Load the data using the `ImageDataBunch` object. Its method `from_folder` needs as an argument the parent directory where the images are. Note that it'll infer classes and will take care of processing all images so that they're consistent for training. You can also specify the location of a validation dataset in that directory. There are various other `from_` methods available. Check them out in the `fastai` [docs](https://docs.fast.ai/vision.data.html#ImageDataBunch).

## Data loading - Local

You can get the data here >> https://swung-data.s3.amazonaws.com/fossilnet/fossilnet-png-224px.zip

In [None]:
import glob

len([f for f in glob.glob("../data/fossils/fossilnet-png-224px/train/*/*")])

In [None]:
from PIL import Image

Image.open('../data/fossils/fossilnet-png-224px/train/ammonites/00001.png')

In [None]:
data_dir = '../data/fossils/fossilnet-png-224px/'

## Data loading - GDrive

You will need to add this folder to your Google Drive: https://drive.google.com/drive/folders/14lrVjhBQP7z4eGP4mAQetPC-KD0a0RMo?usp=sharing

This next cell is for loading the data on Google Drive:

In [None]:
import glob
from google.colab import drive

drive.mount('/content/gdrive')

len([f for f in glob.glob("/content/gdrive/My Drive/fossilnet/train/*/*.png")])
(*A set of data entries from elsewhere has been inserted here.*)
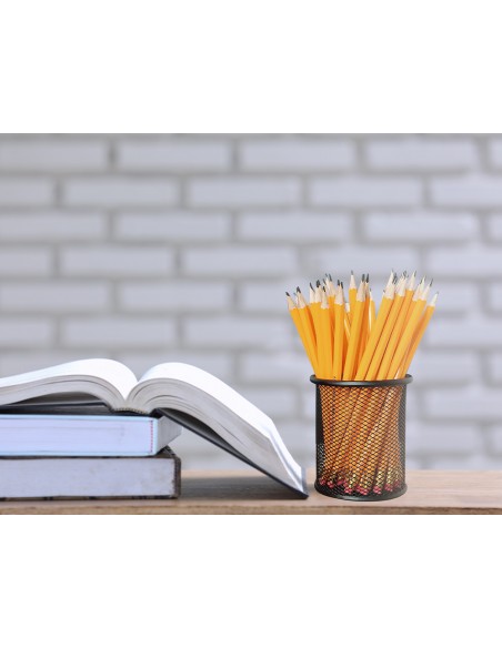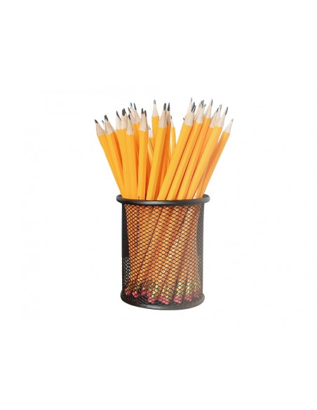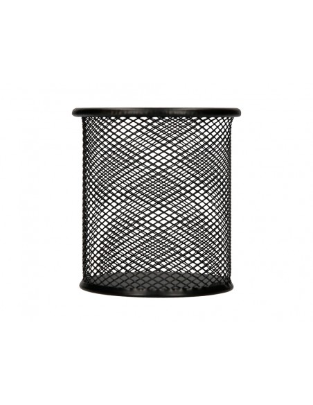 Cubilet rodó per allotjar bolígrafs, llapis, retoladors... Metàl·lic de reixeta. No inclou accessoris. Mides Ø86 x 105 mm.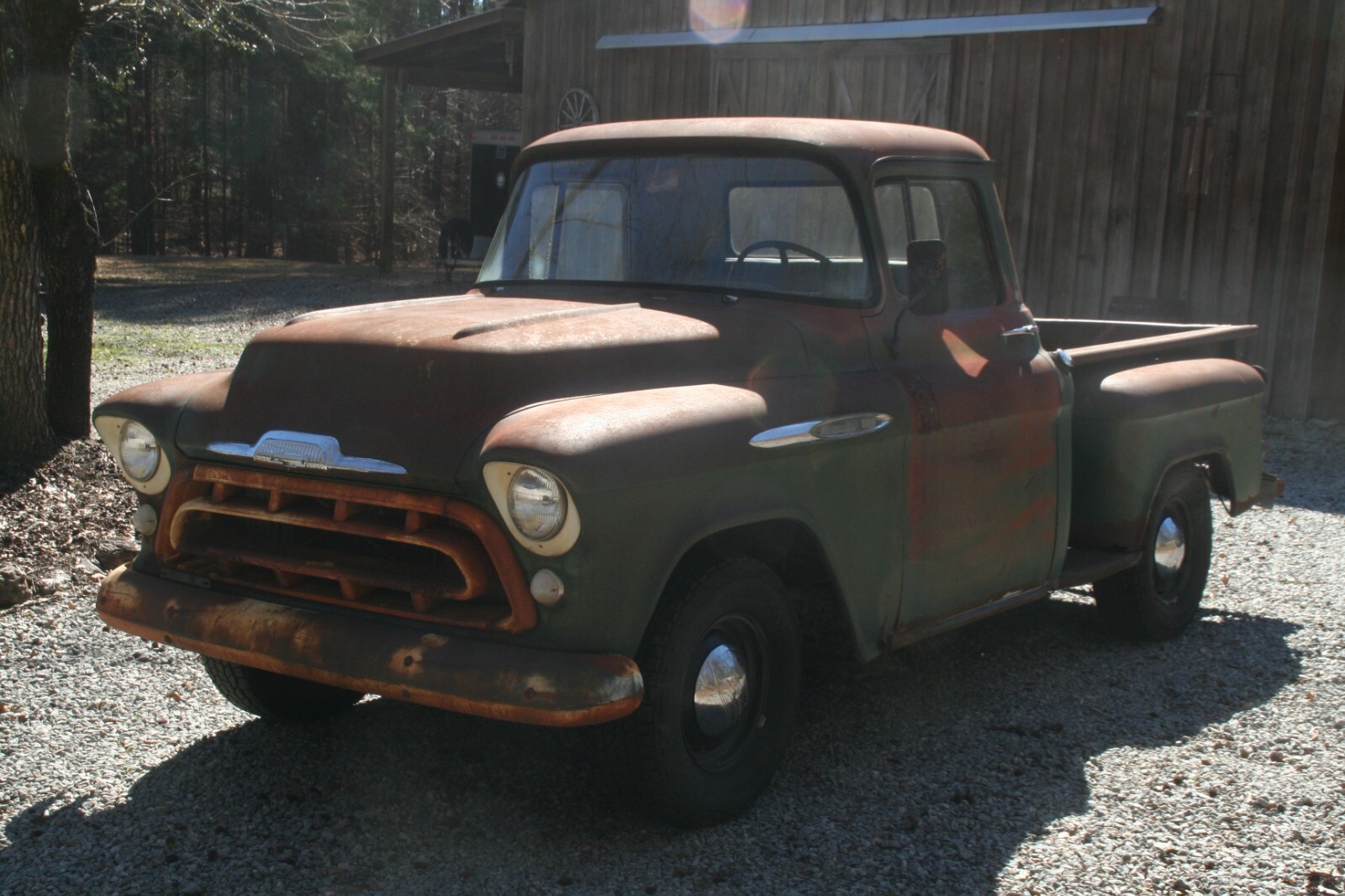 For Your consideration is a 1957 Chevrolet Series 3100 Short Bed Step Side. Predecessor To The Apache. A Mere 64.091 Original Miles on Her. 235 – 140 hp – 3 Speed Manual Column Shift. And the Very Cool Original Starter Pedal. Fires Right up. Original Choke Pull all Functioning Perfectly. Runs Like a Sewing Machine. This is an Untouched Original Vintage Chevrolet Truck That Was Owned By The University of Georgia. (UGA). And Used by the United States Department Of Agriculture Extension Service. (USDA). Super Nice Patina With a Shadow of USDA Still Visible On the Doors. Has the Original Oak Bed. Amazing Find. You Can Drive this Truck Home. New Plugs New Points New Brakes and Lines New Battery New Tires New Hoses and Belts New Oil and Filter Everything Works as it Should Amazing Blast From the Past That Has Emerged Out Of Georgia After 70 Years !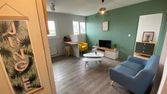 🏡 Salon (canapé, table, tv...) + cuisine équipée (four, frigo, machine à laver) + 2 sdb + 1 wc + balcon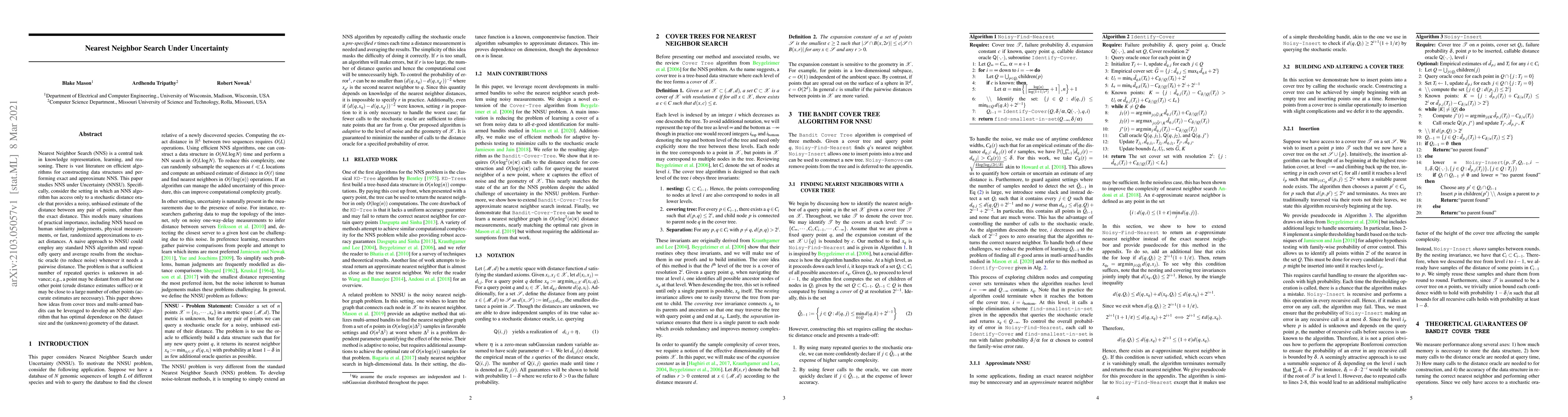 This paper explores Nearest Neighbor Search (NNS) under Uncertainty (NNSU), focusing on scenarios where distance estimates are noisy and uncertain. It proposes an efficient algorithm combining cover trees and multi-armed bandit strategies to handle the unknown geometry of the dataset, optimizing performance based on dataset size and distance uncertainty.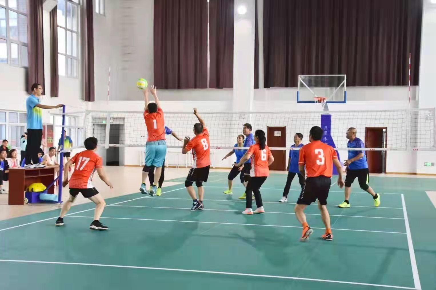 曲阜师大新闻中心讯 9月18日-20日,由曲阜市总工会、曲阜市老年人体育协会主办的曲阜市第十一届全民健身运动会暨2021年第四届职工气排球比赛在奎文学校举行。有来自全市各行业的8支代表队近百名运动员参加了比赛。比赛采用混合赛制,我校组织两个队伍参加,经过两天的激烈角逐,我校获得第一名,第三名的优异成绩。我校已连续四届获得冠军。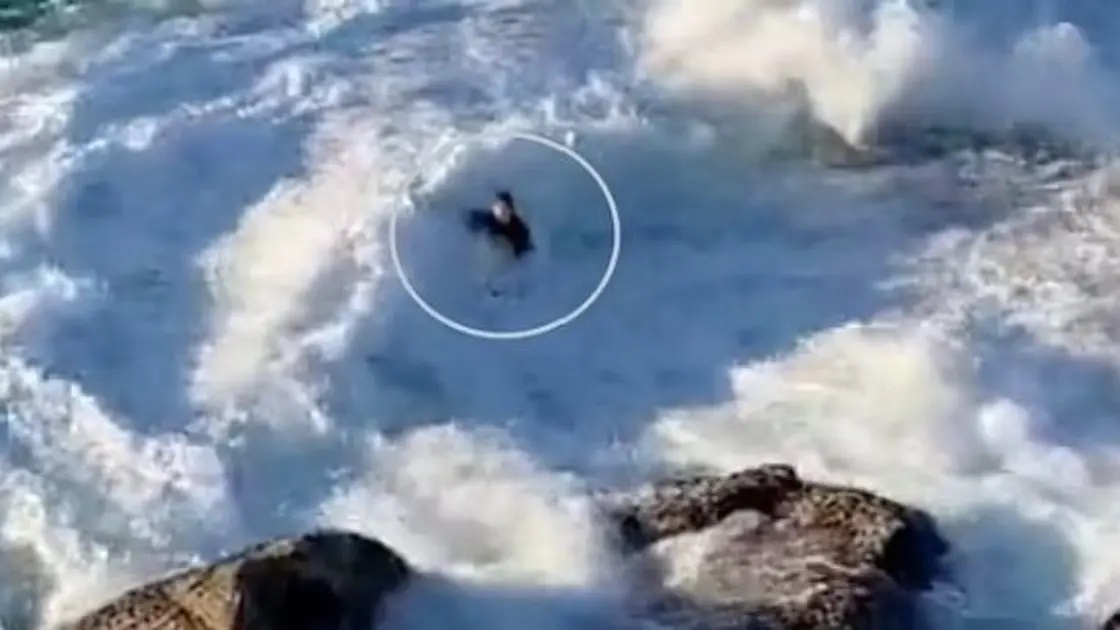 كل ذلك وصديقه يصور "الدراما" على الهاتف المحمول غير قادر على مساعدته وهو يحاول العودة إلى الصخور الآمنة ضد التيارات البحرية القاسية في لاندودنو.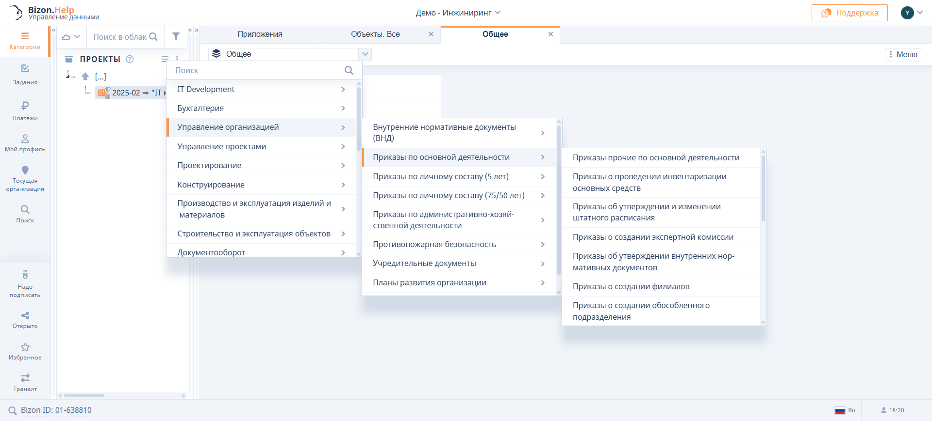 - Второй уровень для приложения с Комплектами ИРД – «Исходно-разрешительная документация»;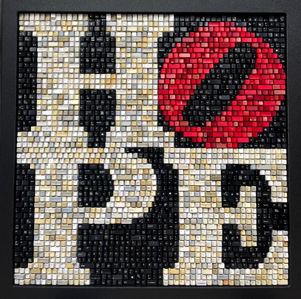 The innovative artist Doug Powell creates the illusion of three-dimensional form through the use and arrangement of recycled, or up cycled, computer keyboard keys. Up cycling has a positive environmental impact due to the rescue and re-purposing of manufactured objects. The reuse of materials has been employed by artists throughout history from Amish quilters and American folk artists to Modern Masters, such as Picasso, Joseph Cornell, and Robert Rauschenberg, all of whom have reused materials or found objects to create new, more complex works of art.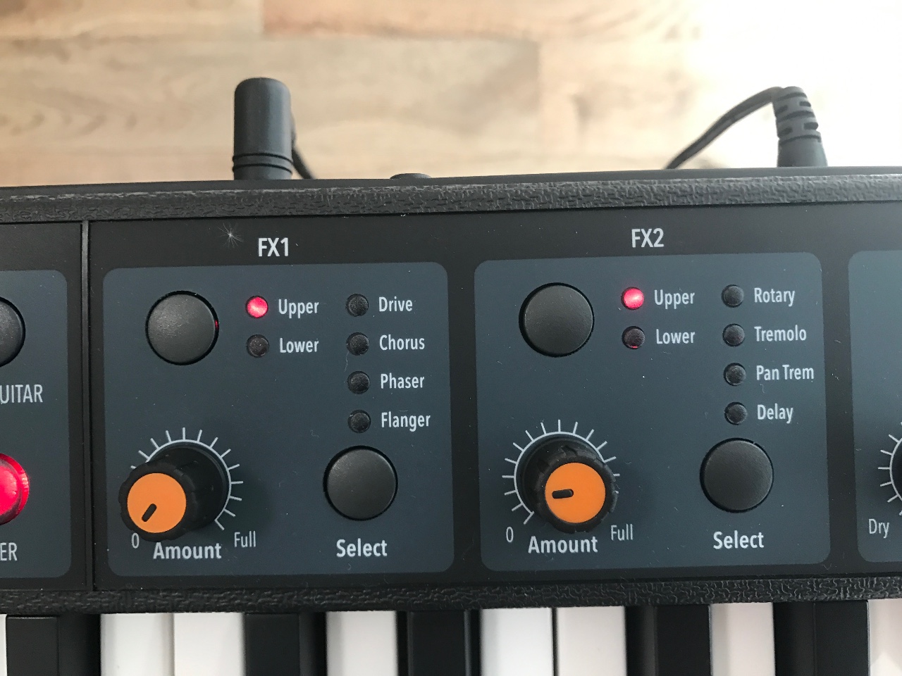 音色效果:FX1和FX2区域面板也是方便直观,就好像两个吉他效果器单块(和声、失真、混响等)的浓缩版,两个面板都分上层音色和下层音色,按知己的喜好用旋钮调节堆叠程度。效果也不要纠结,只是锦上添花。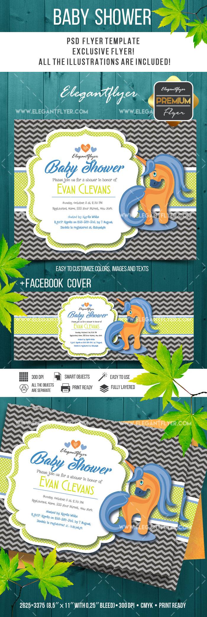 婴儿淋浴 - 传单PSD模板+ Facebook封面
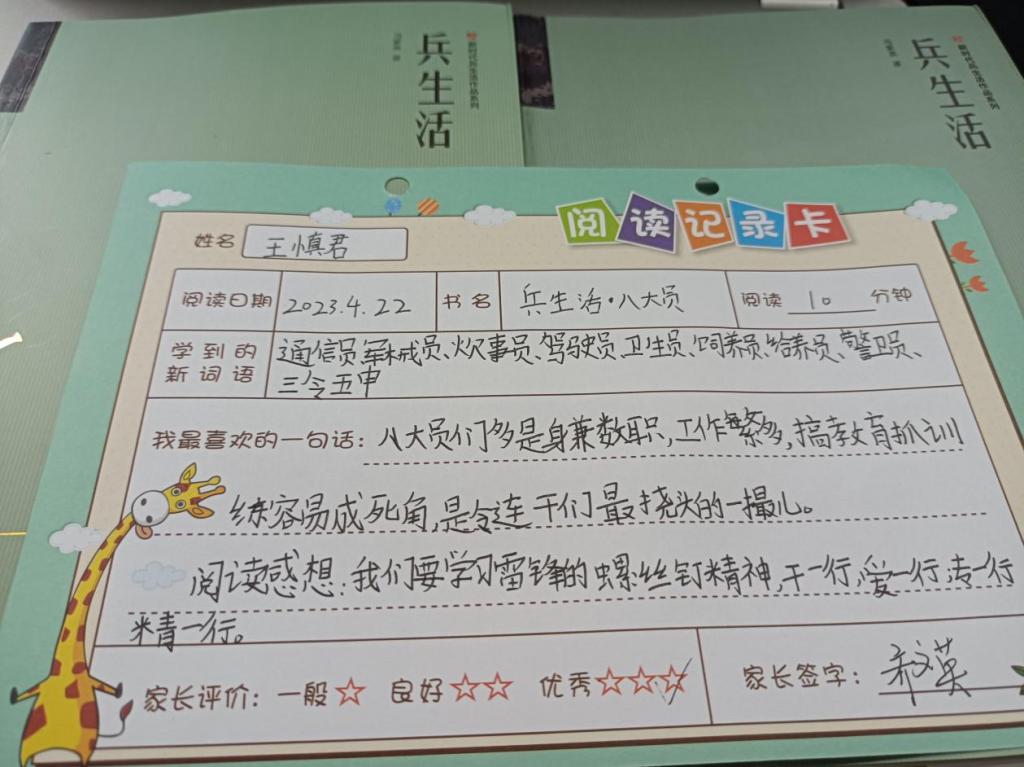黄教官生动有趣的讲述点燃了望城 " 雷小锋 " 的当兵从军梦,大家纷纷举手表示长大了要当兵报效祖国。事后,孩子们纷纷写下了《兵生活》的阅读感想,来自周南望城学校 046418 编号雷小锋王慎君写下了阅读感想:" 我们要学习雷锋的螺丝钉精神,干一行、爱一行、专一行、精一行。"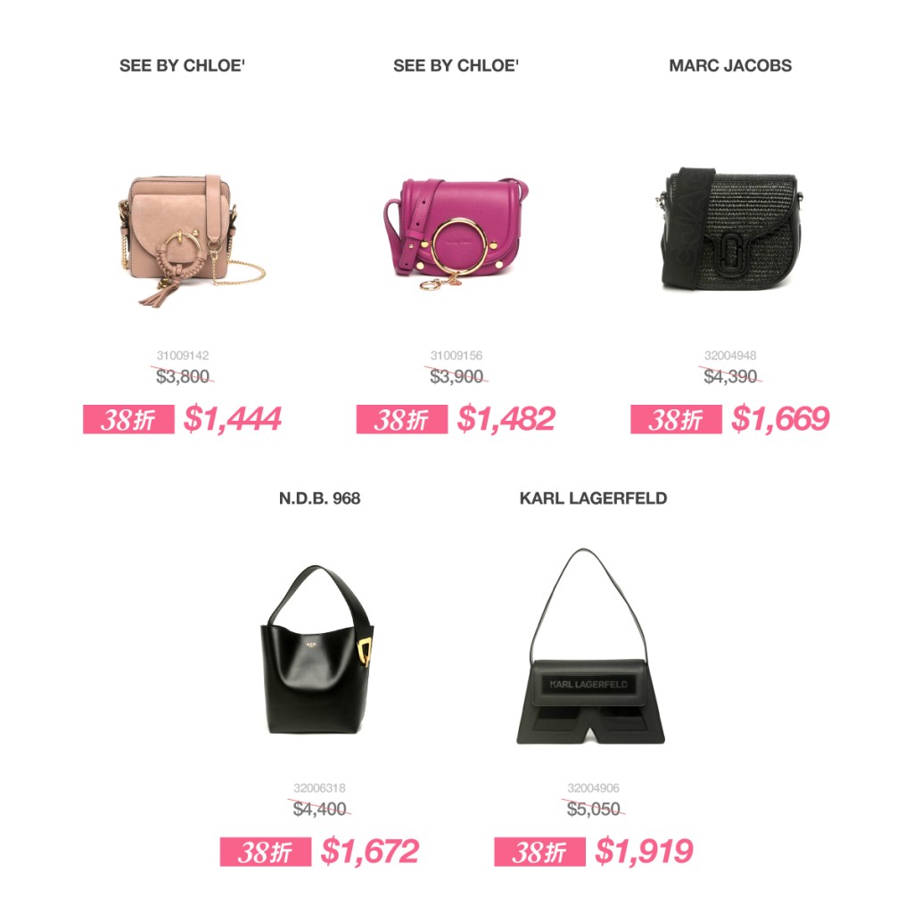部分優(yōu)惠熱賣(mài)商品包括GUCCI 經(jīng)典圖案肩背包,原價(jià)$26,000,現(xiàn)售$9,880;VALENTINO 高雅米黃色托特包,原價(jià)$15,000,現(xiàn)售$5,700;MARC JACOBS 經(jīng)典黑色手袋,原價(jià)$4,390,現(xiàn)售$1,669;SEE BY CHLOé 粉色小巧手袋,原價(jià)$3,800,現(xiàn)售$1,444等等。所有參與優(yōu)惠的商品數(shù)量有限,售完即止。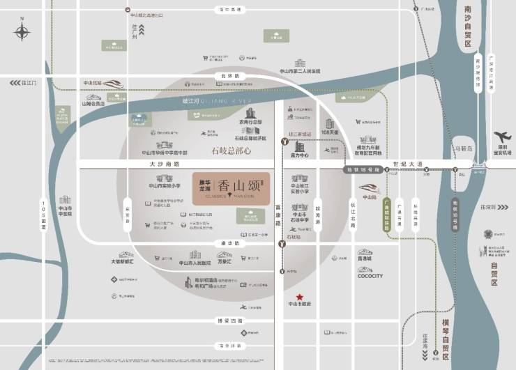 建华龙湖·香山颂雄踞石岐总部心,以强中心战略锚定岐江新城展开主轴,擎动区域千亿级出资规划,坐拥约3km鎏金日子圈。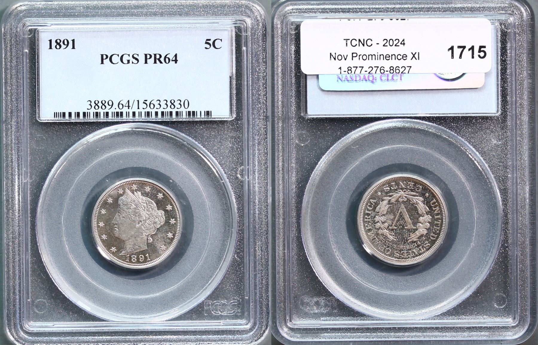 USA; 1891 5¢ PCGS Choice PROOF-64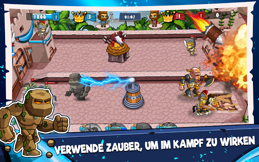 • Zerstöre gegnerische Burgen in einer neuen Arena und schalte neue Karten frei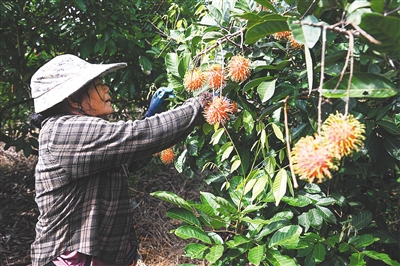 物以稀为贵。近年来,保亭敏锐捕捉到国内高品质水果市场需求攀升的商机,扶持推广红毛丹规模化种植,并积极申报地理标志和证明商标,保亭“红毛丹之乡”品牌形象逐步树立。“保亭红毛丹”先后获得国家地理标志证明商标、国家地理标志保护产品,并列入农业农村部精品农业品牌培育计划,逐步向北京、广州、深圳等国内大城市拓展市场。如今,红毛丹种植面积逐年扩大,亩产量高价格稳,是保亭当地农民的“致富果”。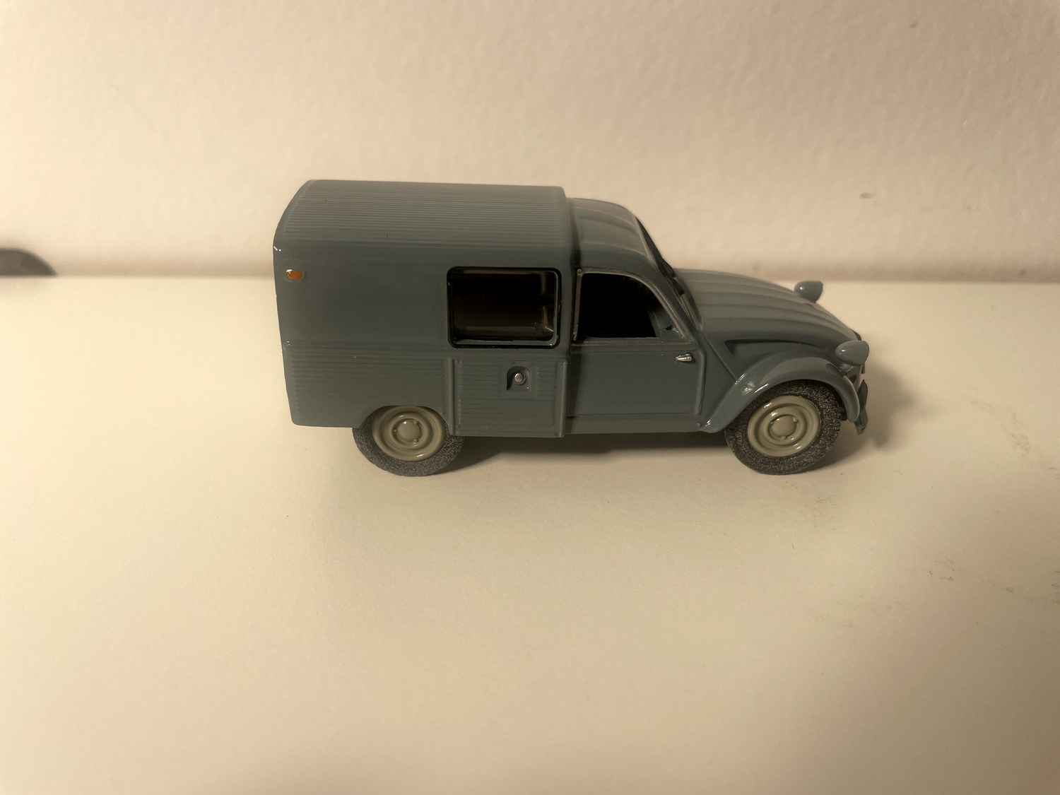 Voiture Miniature Citroën 2 CV fourgonnette grise et jantes grises

This target directory contains:

In [None]:
ls "/content/gdrive/My Drive/fossilnet/"

Inside each of those there's a per-class folder containing al the image files:

In [None]:
ls "/content/gdrive/My Drive/fossilnet/train"

In [None]:
from PIL import Image

img = Image.open('/content/gdrive/My Drive/fossilnet/train/ammonites/00001.png')
img

In [None]:
data_dir = "/content/gdrive/My Drive/fossilnet/"

## Make a `fastai` dataset

We can instantiate the `ImageDataBunch` object to collect all images like this:

In [None]:
data = ImageDataBunch.from_folder(data_dir,
                                  valid='val',
                                  size=128,
                                  classes=['ammonites', 'plants', 'fishes', 'trilobites'],
                                 )

We can create a "learner" object using a pre-trained network using the `cnn_learner` function. Note that this is where we specify what trained network we want to use and what metrics we want to track. Check out what other parameters and options there are in the fastai [docs](https://docs.fast.ai/vision.learner.html)

In [None]:
dir(models)

In [None]:
cnn = cnn_learner(data, models.mobilenet_v2, metrics=accuracy)

Finally, train the learner. It'll take a few minutes.

In [None]:
cnn.fit(5)

In [None]:
from fastai.basics import DatasetType

cnn.show_results(DatasetType.Train)

## Inference

We can make a prediction on a single image. The model 'knows' that it has to resize the image, etc.

In [None]:
from fastai.vision import open_image
import requests
import io

In [None]:
r = requests.get("https://geology.com/articles/green-river-fossils/fossil-fish-lg.jpg")
    
item = open_image(io.BytesIO(r.content))

cnn.predict(item)

In [None]:
cnn.data.classes

## More evaluation tools

`fastai` also provides supporting objects to asses the quality of the predictions. Below, we'll use it to visualize the predictions of the worst performing classifications based on the training loop we ran above

In [None]:
interp = ClassificationInterpretation.from_learner(cnn)

In [None]:
interp.confusion_matrix()

In [None]:
interp.plot_top_losses(9, figsize=(12,12))

# 'Probability' is the P of the actual class.